Reputation: 301
I have a little problem with the transformation from wide to long on a dataset. I tried with melt but I didn't get a good result. I hope that someone could help me. The dataset is as follow:
pd.DataFrame({'id': [0, 1, 2, 3, 4, 5],
'type': ['a', 'b', 'c', 'd', 'e', 'f'],
'rank': ['alpha', 'beta', 'gamma', 'epsilon', 'phi', 'ro'],
'type.1': ['d', 'g', 'z', 'a', 'nan', 'nan'],
'rank.1': ['phi', 'sigma', 'gamma', 'lambda', 'nan', 'nan'],
'type.2': ['nan', 'nan', 'j', 'r', 'nan', 'nan'],
'rank.2': ['nan', 'nan', 'eta', 'theta', 'nan', 'nan']})
And I need the dataset in this way:
pd.DataFrame({'id': [0, 0, 1, 1, 2, 2, 2, 3, 3, 3, 4, 5],
'type': ['a', 'd', 'b', 'g', 'c', 'z', 'j', 'd', 'a', 'r', 'e', 'f'],
'rank': ['alpha', 'phi', 'beta', 'sigma', 'gamma', 'gamma', 'eta', 'epsilon', 'lambda', 'theta', 'phi', 'ro']})
Can anyone help me with that?
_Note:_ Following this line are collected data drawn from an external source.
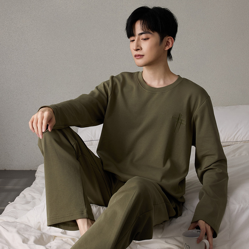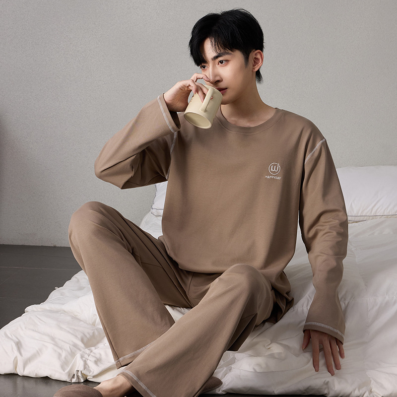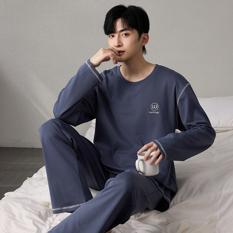 순면 남성 잠옷 긴팔 긴바지 가을 겨울 순면 홈웨어 남성용 청년 성인 세트 외출복 가능스토어 가기
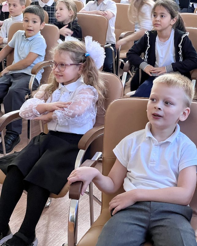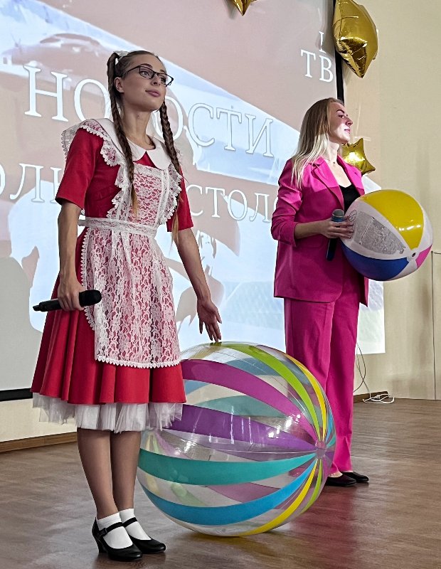Ведущая новостей канала «Школа ТВ» погрузила вчерашних дошколят в самую гущу событий. Вместе с отличницей Дашей и её озорной подружкой Машей ребята узнали свежие новости из мира науки, школьной перемены и даже из столовой!
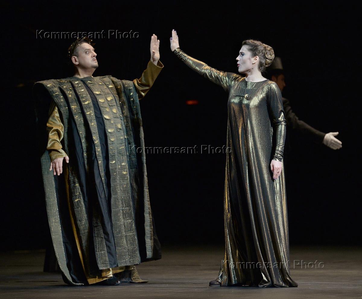 Пресс-показ опер "Эдип-царь" / "Замок герцога Синяя борода" в постановке режиссера Римаса Туминаса на сцене Московского академического музыкального театра имени К.С.Станиславского и В.И.Немировчиа-Данченко. Оперные певцы Наталья Зимина и Евгений Либерман в опере композитора Игоря Стравинского "Эдип-царь".
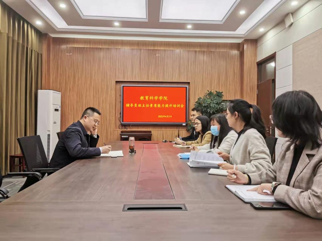 时间:2022-04-03 16:48:47 来源:教科院新闻部 作者:马玉娇 周媛媛 刘至涵 阅读: 次为促进班主任队伍整体工作水平的提升,扎实推进学院各方面工作高质量稳步前进,4月2日,澳门正规电子游戏平台在教科楼会议室召开班主任素质能力提升培训会,院党委副书记董银银与全体班主任(辅导员)参加会议。会议由董银银主持。

Thanks a lot
Upvotes: 2
Views: 367
Reputation: 28709
One option is pivot_longer from pyjanitor, which abstracts the reshaping process:
# pip install janitor
import janitor
(df
.pivot_longer(
index = 'id',
names_to = ['type', 'rank'],
names_pattern = ['type', 'rank'],
sort_by_appearance = True)
.loc[lambda df: ~df.eq('nan').any(1)]
)
id type rank
0 0 a alpha
1 0 d phi
3 1 b beta
4 1 g sigma
6 2 c gamma
7 2 z gamma
8 2 j eta
9 3 d epsilon
10 3 a lambda
11 3 r theta
12 4 e phi
15 5 f ro
The idea for this particular reshape is that each regex in names_pattern
is used to pair the matching column with the paired name in names_to
.
Upvotes: 0
Reputation: 215057
Use wide_to_long
:
# normalize the `type` and `rank` columns so they have the same format as others
df = df.rename(columns={'type': 'type.0', 'rank': 'rank.0'})
(pd.wide_to_long(df, stubnames=['type', 'rank'], i='id', j='var', sep='.')
[lambda x: (x['type'] != 'nan') | (x['rank'] != 'nan')].reset_index())
id var type rank
0 0 0 a alpha
1 1 0 b beta
2 2 0 c gamma
3 3 0 d epsilon
4 4 0 e phi
5 5 0 f ro
6 0 1 d phi
7 1 1 g sigma
8 2 1 z gamma
9 3 1 a lambda
10 2 2 j eta
11 3 2 r theta
You can drop the var
column if not needed.
Upvotes: 3